-- Supplied data follows --
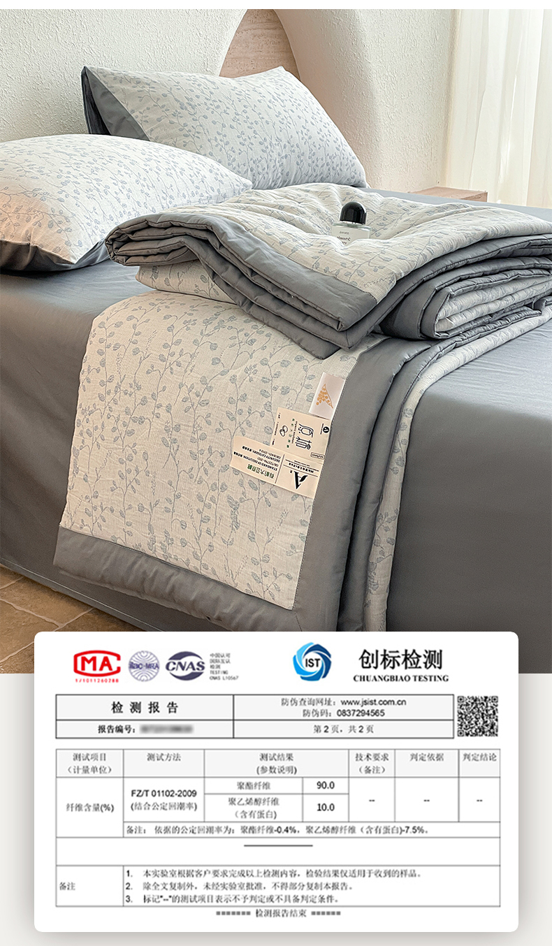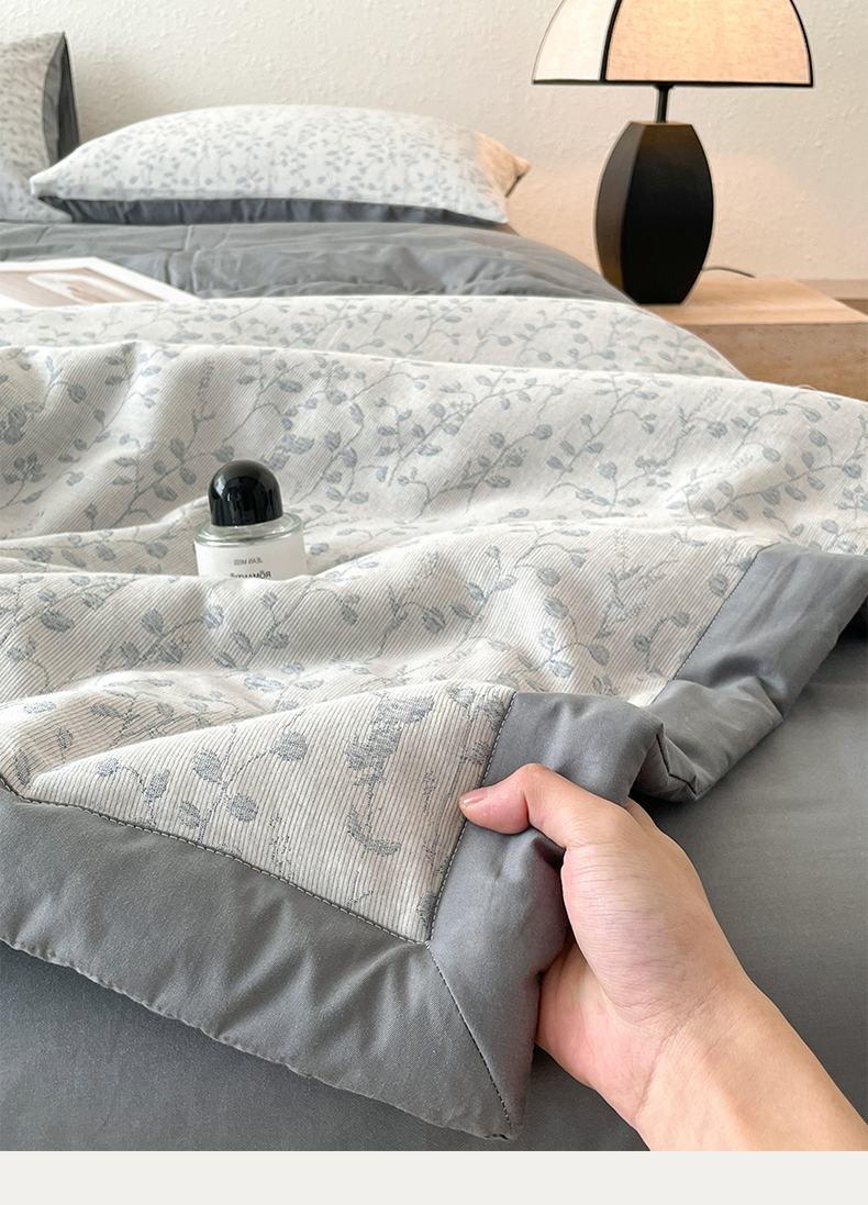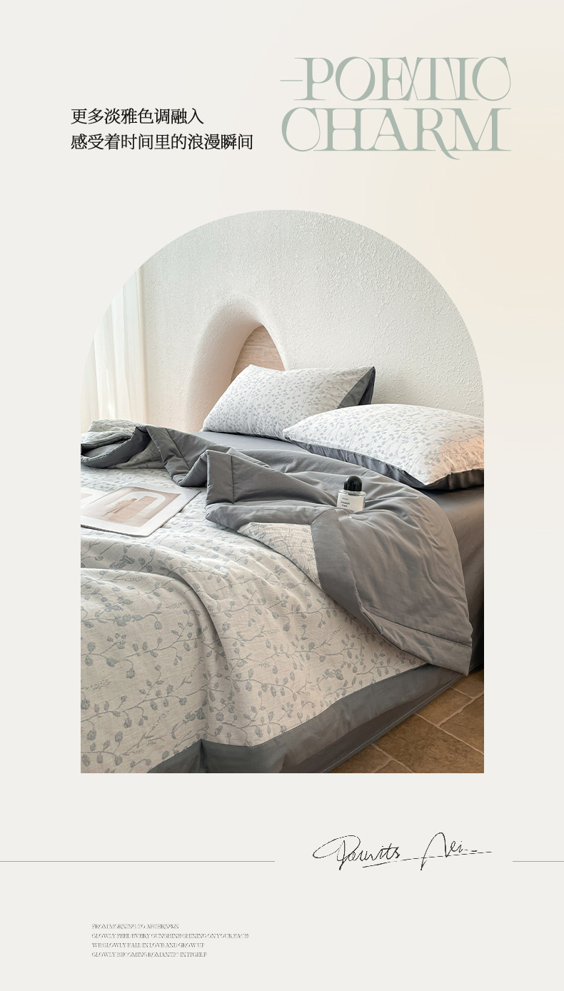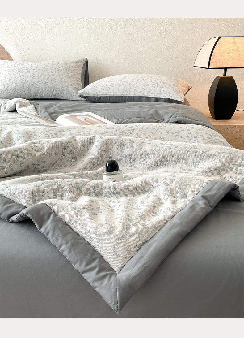 • 91家纺网 家纺一手货源 找家纺 一加一家纺2025新款A类全棉三层纱色织提花大豆夏被四件套 浅草--灰
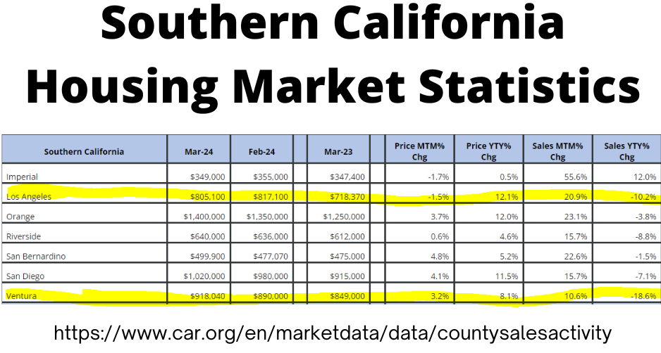 In the Los Angeles County housing market statistics the median price fell 1.5% in March. This is very similar to what happened from Feb to March last year. Median price increased 3.2% in Ventura County which is not quite as high as the 5% increase last year same time. Median price is still up 12% in Los Angeles County from same time last year while Ventura County is up 8% according to the California Association of Realtors.
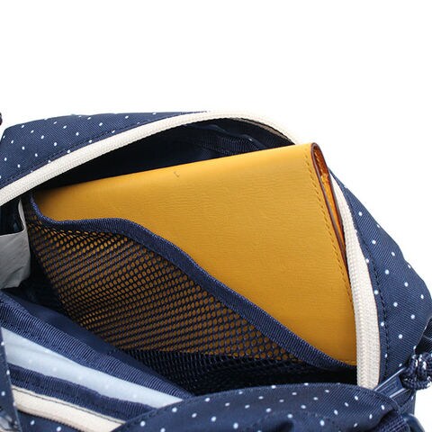 フロントにファスナーポケット、サイドにはメッシュポケットを装備。
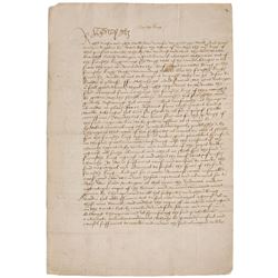 LS signed “Henry R,” one page both sides, 8.5 x 12, July 7, [1513]. Letter to army commander George Talbot, 4th Earl of Shrewsbury, encouraging him to
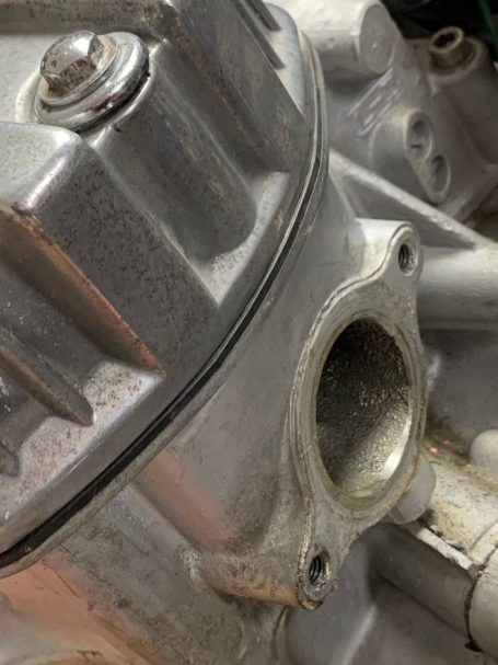For those tackling a similar job you will need to take the main inlet off to remove the carbs, fortunately this has a rubber seal.
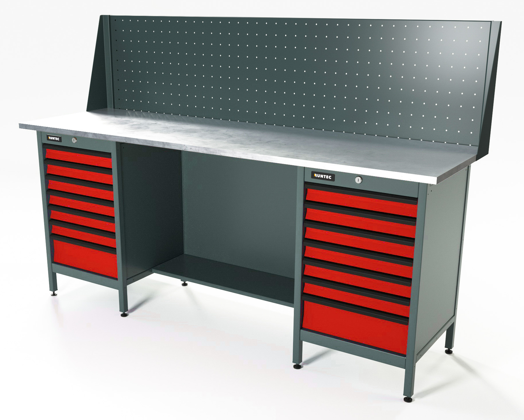 Верстак серии Standart, 2000 мм, оцинк, тумба с 7-ю ящиками + тумба с 7-ю ящиками, экран 500, красный RAL 3020
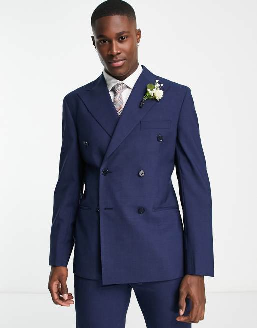 Noak woolrich slim doublebreasted suit jacket in navy ASOS
-- Supplied data concluded --
- **Your instructions**: Write out exactly the lines from the line that contains "encouraging him to" through the end of the material, including both ends. No pictures belong in the copy.

- **Answer space**:
 LS signed “Henry R,” one page both sides, 8.5 x 12, July 7, [1513]. Letter to army commander George Talbot, 4th Earl of Shrewsbury, encouraging him to
For those tackling a similar job you will need to take the main inlet off to remove the carbs, fortunately this has a rubber seal.
 Верстак серии Standart, 2000 мм, оцинк, тумба с 7-ю ящиками + тумба с 7-ю ящиками, экран 500, красный RAL 3020
 Noak woolrich slim doublebreasted suit jacket in navy ASOS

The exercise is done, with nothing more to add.